I was quite happy last night when I stumbled upon a mind-mapping programme when browsing the iPhone app store. I have been mind-mapping for about 8 years now and it is just great that I can do this anywhere, any time on my mobile phone.

Mind-mapping is a skill which I picked up in my 3rd year in university. How I wish I knew about it earlier, as for somebody with poor memory retention, it has helped me tremendously. It seems the most natural way for me to organise information, hierarchy is clear, everything is succinct and it draws strongly on association. I love it right from the beginning and had kept using it long after I graduate. Nowadays, I use it to brainstorm, organise and make relations to all kinds of information, from departmental plans to grocery lists.

I was eager to share this with my pupils years ago when I started teaching, introducing this skill to them that has been so useful to me. However, results were mixed. Although I took to this method and had benefited from it almost instantly, many pupils had found it to be a chore. In a feedback session, they told me that they were really doing it only to show me.
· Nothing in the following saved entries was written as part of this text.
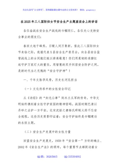 / 在2025年三八国际妇女节安全生产主题座谈会上的讲话
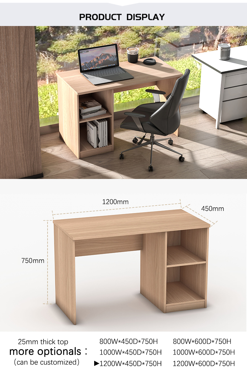 1.Straight Desk in 1200*600*730 (more sizes)                                                2.Desk top size is 1200W*600D*25(more sizes) in partical board with 2mm PVC edge.                                                                                                3.One cable port in the main desk.
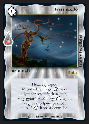 Kiadás: Zanszilánkok Gyakoriság: nem gyakori Lapszín (isten): Raia Típus: azonnali Altípus: - Szöveg: Húzz egy lapot! Megakadályoz egy _köd lapot (ilyenkor reakciónak számít), vagy gyűjtőbe küld egy _köd lapot, vagy rakj célpont pakliból max. 7 _köd lapot a Semmibe. Illusztráció: Faragó Norbert
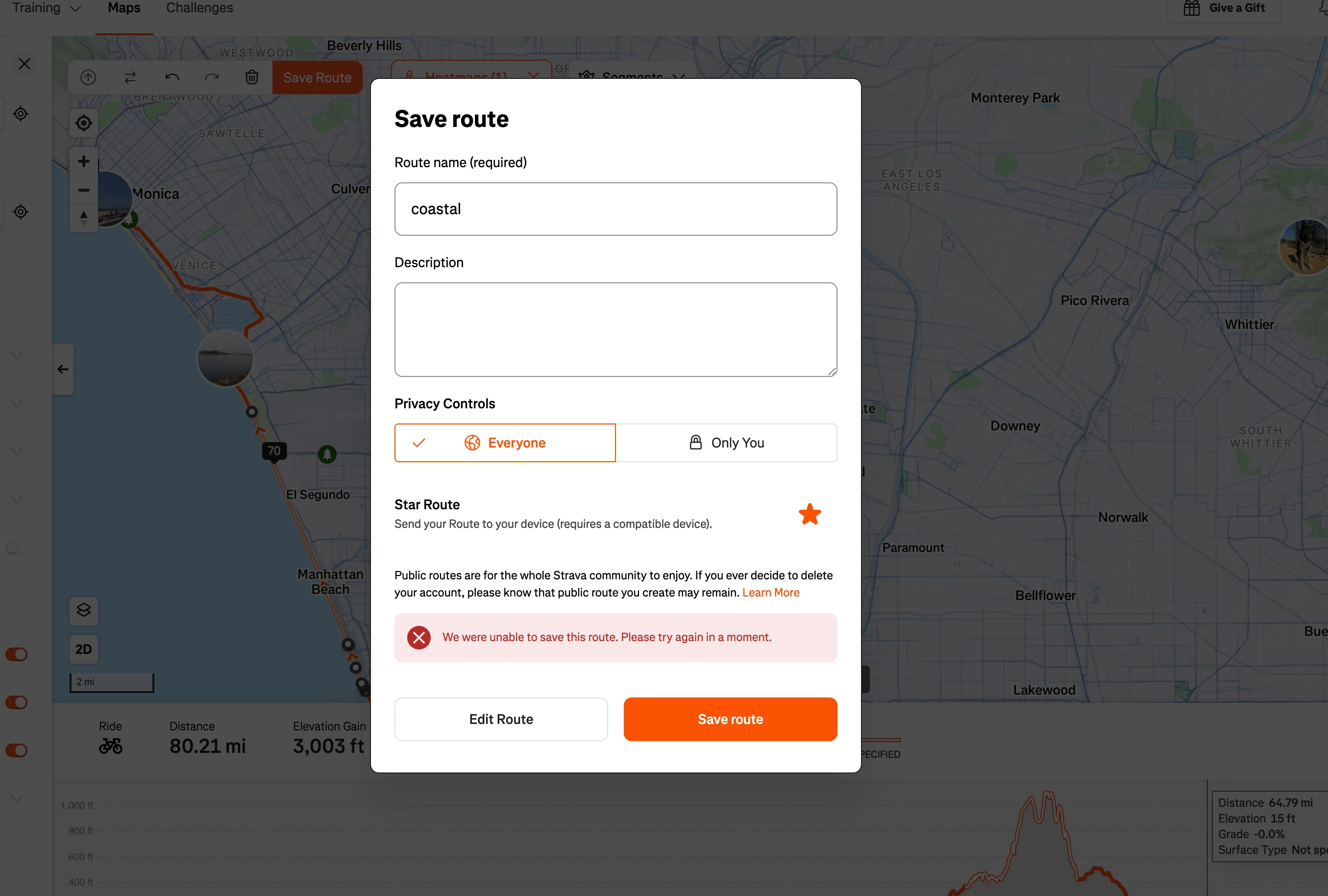 App cant save a route through a high-traffic path. tried more/less waypoints, manual mode, popular waypoints, restarted computer, power cycled the modem and router, route building is near unusable at the moment.
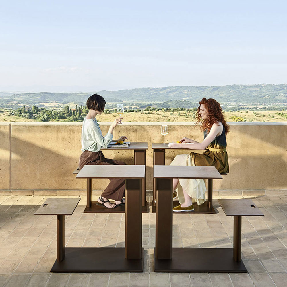zasadniczemu, wszechstronnemu i nowoczesnemu wzornictwu ten stół z siedziskiem jest idealny do uzupełnienia wyposażenia różnych przestrzeni mieszkalnych, zarówno wewnętrznych, jak i zewnętrznych, wzbogacając estetykę otoczenia o osobowość i
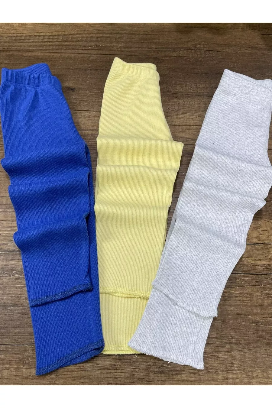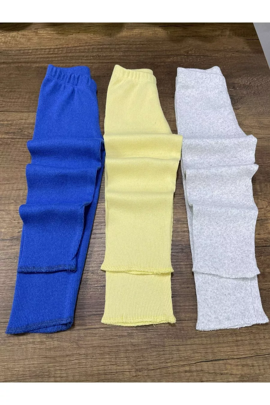 Gerippte, elastische Leggings in Dunkelblau - Gelb - Grau, 3er-Set für Mädchen und Jungen, saisonale Hose
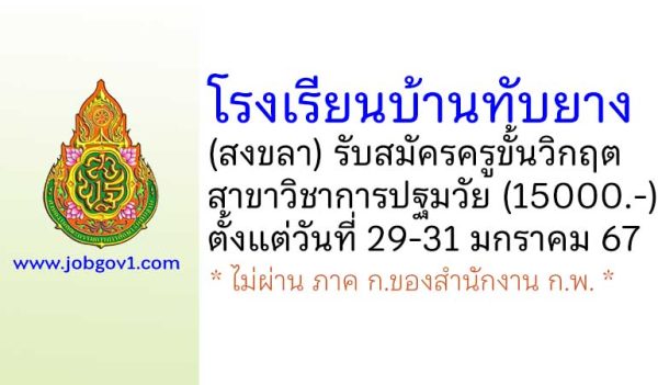 โรงเรียนบ้านทับยาง รับสมัครครูขั้นวิกฤต สาขาวิชาการปฐมวัย ตั้งแต่วันที่ 29-31 มกราคม 2567
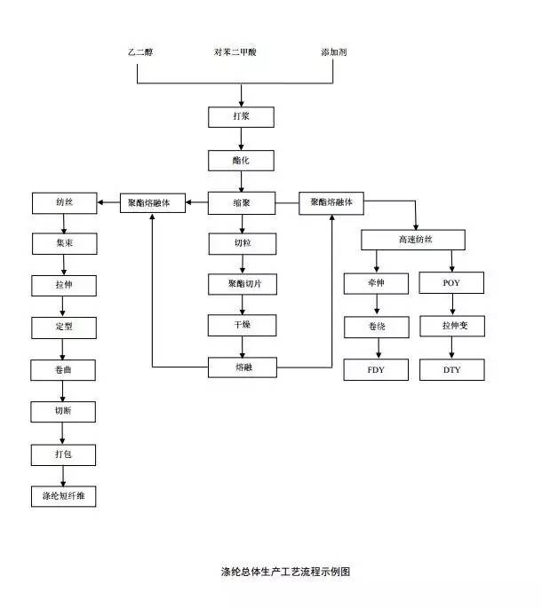 1、涤纶总体生产工艺流程
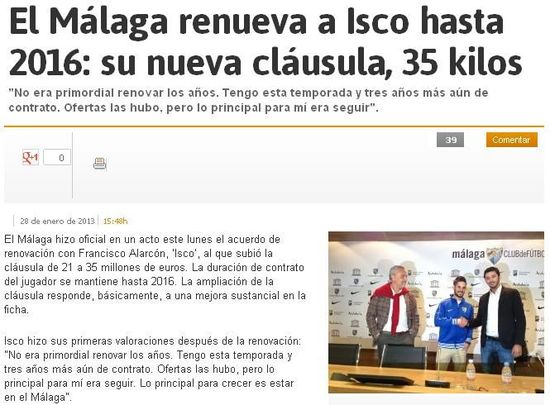 《阿斯报》:马拉加宣布同伊斯科续约至2016年

After that year, I was not too insistent that pupils create mind maps, acknowledging that everybody is different and everyone has to find the most suitable way for themselves to learn.

Study skills is even more important now for our younger generation than it is for me during my time in school. Our pupils now are born in the internet era and are hard-wired from birth in a totally different environment. They learn and perceive information differently. They will need the skills not only to cope with the demands of school but to have the competence and confidence of successfully navigating through their increasingly complicated lives.
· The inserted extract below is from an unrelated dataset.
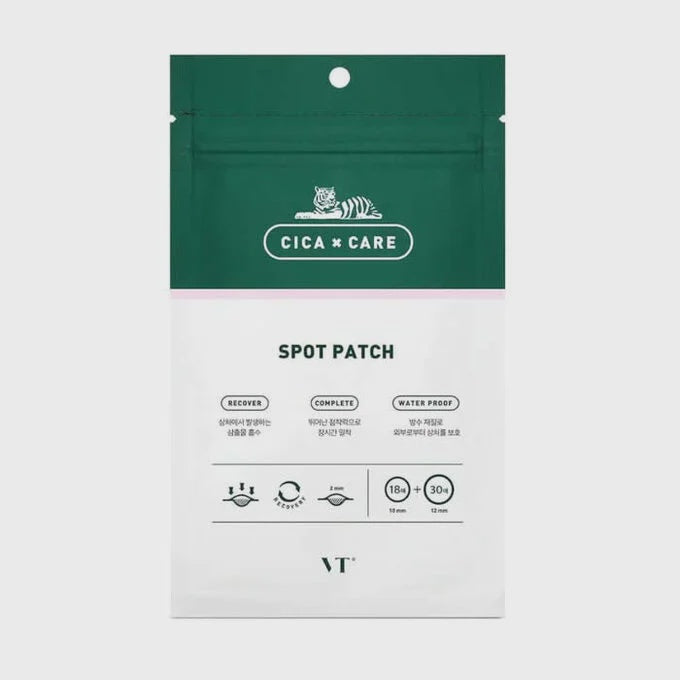 VT Cosmetics Cica Spot Patches. Infused with soothing Centella Asiatica, these hydrocolloid patches absorb impurities, prevent external contamination, and promote rapid healing. The waterproof, ultra-thin, and transparent design offers discreet coverage for daily wear, coming in two sizes (10mm and 12mm) to target different spot sizes. Ideal for acne-prone skin, these patches help reduce inflammation and prevent scarring for clearer, healthier skin.
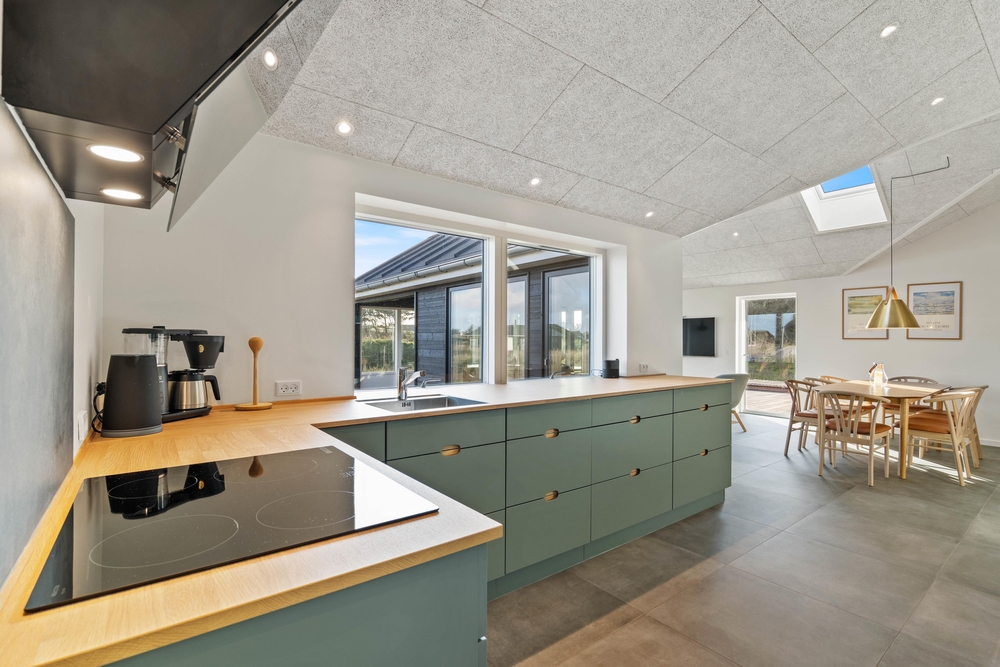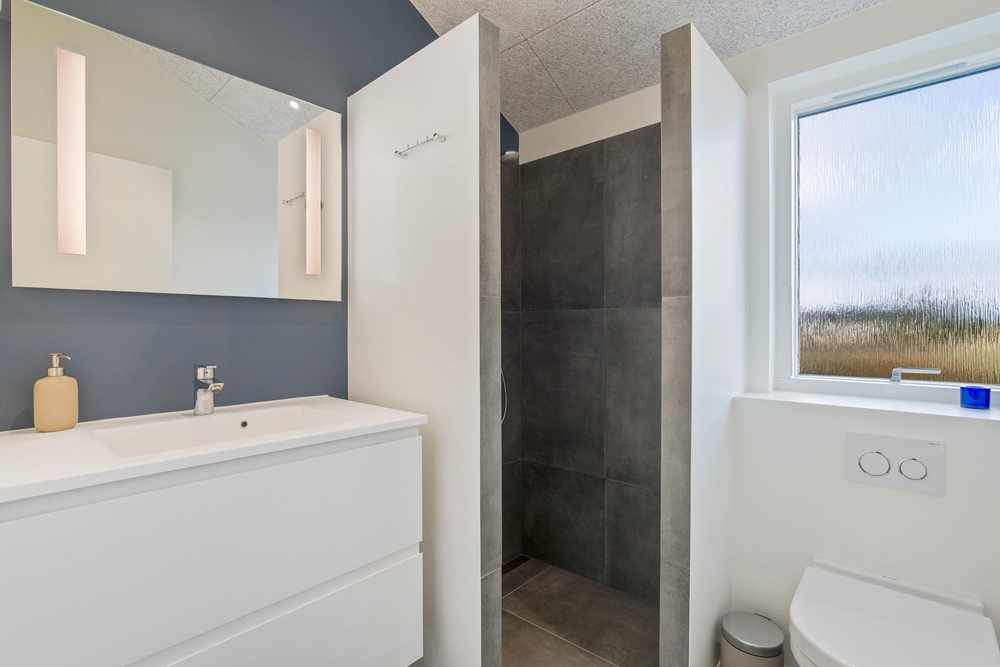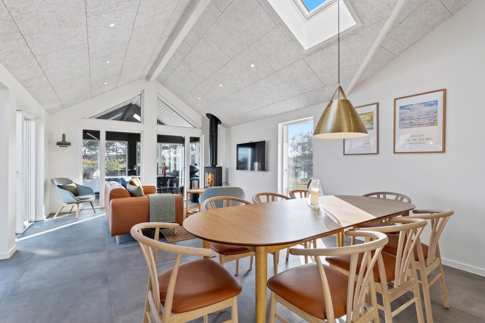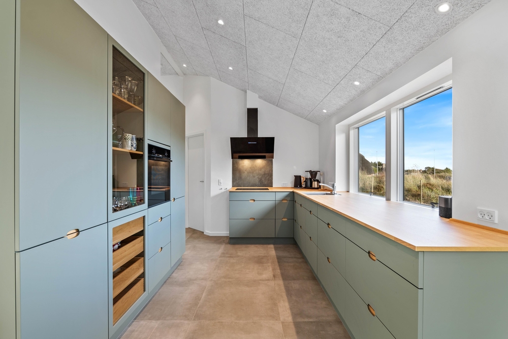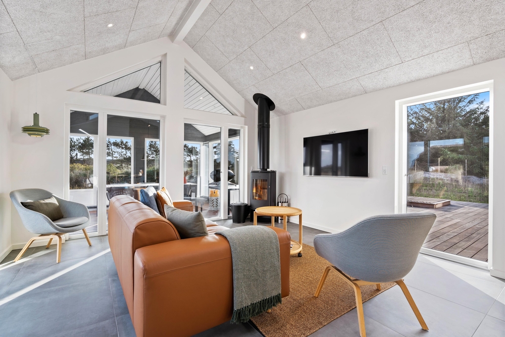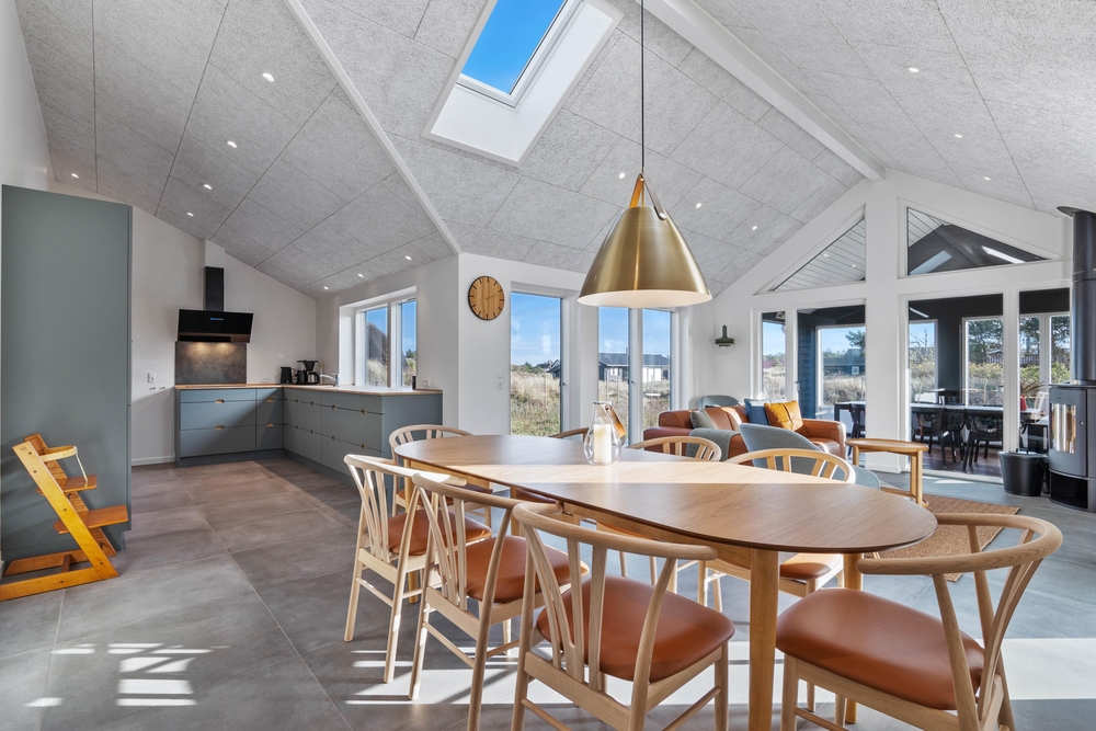 Das Sommerhaus auf Hjelmevej 155 in Søndervig wurde in 2022 gebaut, und ihr werdet von einer modernen Einrichtung begrüßt, in der ihr euch wohlfühlen werdet. Oberlichter und große Fenster lassen viel Licht herein und sorgen so für die richtige Urlaubsstimmung.

What should we teach them in terms of study skills? GTD? Time management? Mind-mapping? I am sure there is a list to choose from.
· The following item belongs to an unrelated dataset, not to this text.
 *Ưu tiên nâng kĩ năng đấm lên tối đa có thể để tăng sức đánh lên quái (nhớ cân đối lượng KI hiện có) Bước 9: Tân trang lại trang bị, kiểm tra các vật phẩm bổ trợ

Or should we begin by learning more about our pupils? What are their favourite handheld games? What kind of music do they listen to? What television shows do they watch? What are their favourite websites? What are they buying with their money? Perhaps knowing more about that will help us better decide.

1 comment:

stephen chin said...

the iPhone mind-mapping app is really cool; versatile, fluid though not too organic

Mind-mapping is developed as a mirror to the way the brain works. more specifically, the way a brain cell works.

There was a video of a single brain cell on a microscope slide that stretches its tendrils across the slide, moving the cell from one end of the slide to the other, always seeking to connect to another cell. When the cell reached the other end of the slide without making any connection, it retraces its steps back to the starting point, shriveled, shrank, collapsed and died.

Thus mind-mapping as a thinking and learning tool is but the natural way. There might be personal likes and dislikes about the method but subconsciously, its the method the connects to the brain.

Perhaps why some people can't seem to benefit from this practice is that the brain wasn't working with the action.